Castle Keeper: David Fairclough has built a brand in himself. And his customers love it.

David Fairclough Fine Jewelers

Location: Toledo, OH
Owners: David and Rhonda Fairclough
Year founded: 1974
Opened featured location: November 2002
Area: 3,500 square feet
Architect/design firm: Norman and Associates/Baker Showcase and Display
Interior build-out cost: More than $1 million
Employees: 12
Slogan: Toledo’s Finest Jeweler

David Fairclough Fine Jewelers

David Fairclough is the Mick Jagger and James Bond of Toledo. His English accent has an exotic sound on the radio in northwest Ohio, and he’s been the subject of off-the-wall print ads in which he’s dressed as a rock star, 007 and even royalty. He’s become so mythic, new customers are surprised to discover he’s a real person, and not just a brand symbol, like a Keebler elf or a Jolly Green Giant of jewelry. He’s been in business for 33 years, but has presided over a record growth spurt in the past nine years. He hired Ideal Marketing to run his ad campaign, launched the HeartStar diamond brand and moved from a strip-center location into a new stand-alone building he jokingly calls “the castle.”


Man and the Brand

“It’s funny,” Fairclough says. “People do come in and want to hear me talk. I just don’t have the same sounding voice as most people have here. Whatever works. The trouble is, if I want to be invisible, I have to keep my mouth shut.” Fairclough was born in Newcastle upon Tyne, England.

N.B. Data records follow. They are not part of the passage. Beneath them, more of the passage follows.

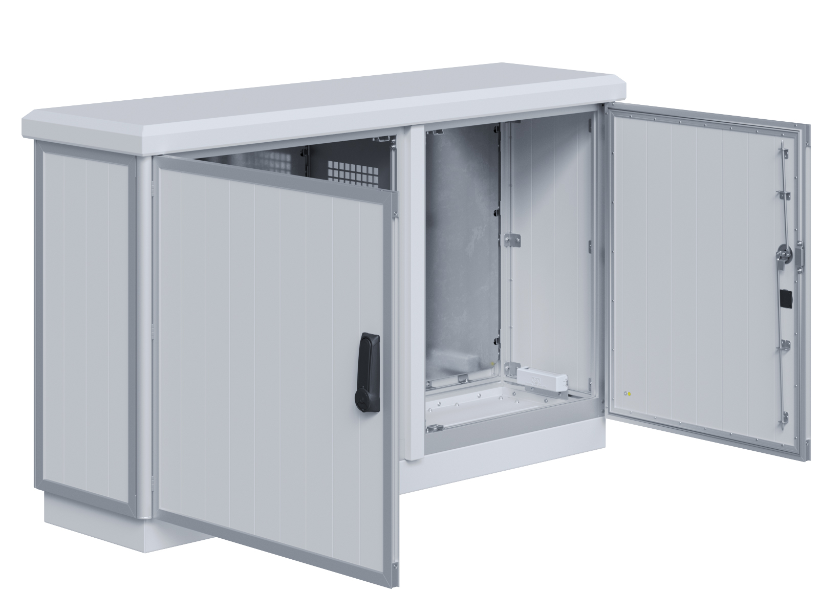 Outdoor-Schaltschrank aus doppelwandigen Aluminiumprofilen mit EVU-Teil
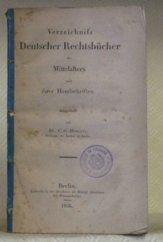 Verzeichnifs Deutscher Rechtsbücher des Mittelalters und ihrer Handschriften. | Libri antichi e moderni | Homeyer, C. G.
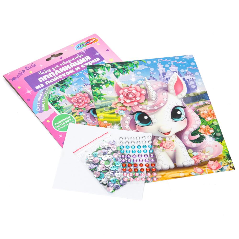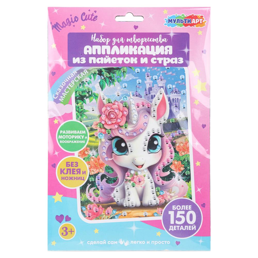 Набор для творчества — аппликация из пайеток и страз «Единорог» из серии «Сказочная мастерская» ТМ «Мульти Арт» — отличный подарок для вашего ребёнка, который будет способствовать развитию его творческих способностей.
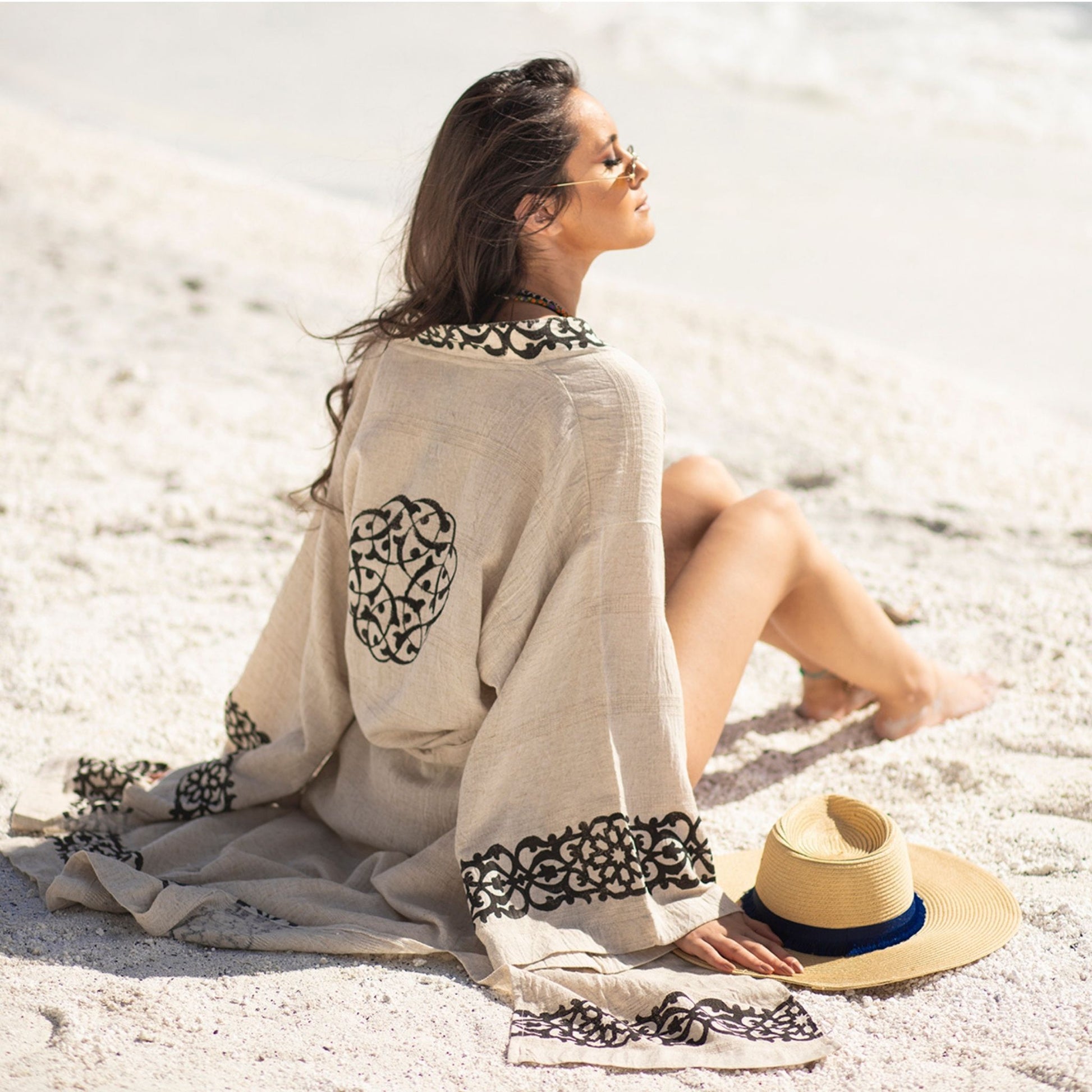 Offrez-vous une touche de raffinement décontracté avec ce kimono artisanal, conçu pour celles qui recherchent confort, esthétique et mode écoresponsable.
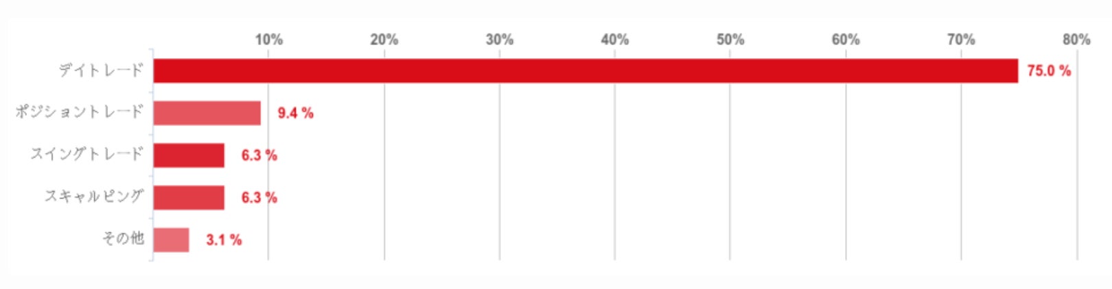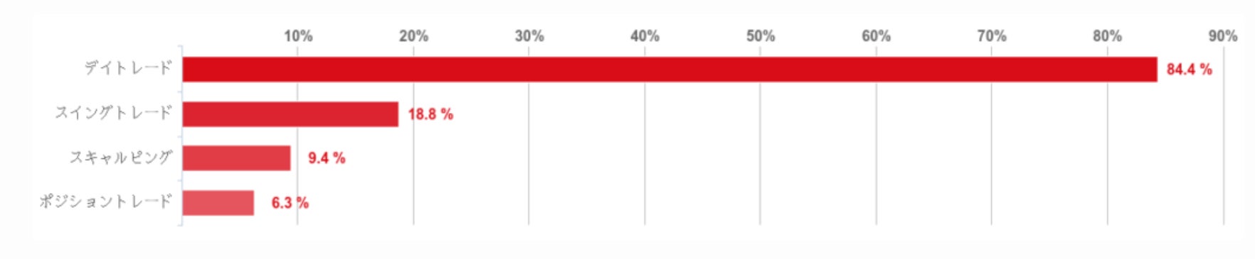 アンケートによれば、主婦たちが採用しているスタイルは多様であるが、特にデイトレードが主流であることがわかる。全体の84.4%がデイトレードを採用しており、次いでスイングトレードやスキャルピングがそれぞれ18.8%と9.4%を占めている。
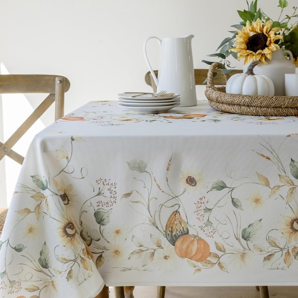 Our Autumn Bounty tablecloth is perfect for your Thanksgiving holiday or your Fall and Harvest decor. Featuring hand-painted watercolor motifs of classic fall pumpkins and sunflowers, our tablecloth is made of top-grade fibers to last for years to come.

At 16 he began a five-year apprenticeship in the jewelry manufacturing arts while attending the Newcastle upon Tyne College of Art and Industrial Design.

In 1965 David moved to the United States for a job in Toledo, and, in 1974 opened his first jewelry store in Sylvania, Ohio. He decided to stay and became a U.S. citizen. He also met his wife, Rhonda, a Toledo native, when they both were working for a local, independent jeweler. “Rhonda was very instrumental in our success,” Fairclough says. “In the early days it was just the two of us and part-time help with me spending a lot of time at the bench with repairs and custom work and Rhonda taking care of the customers and helping with the buying. She’s paid her dues.”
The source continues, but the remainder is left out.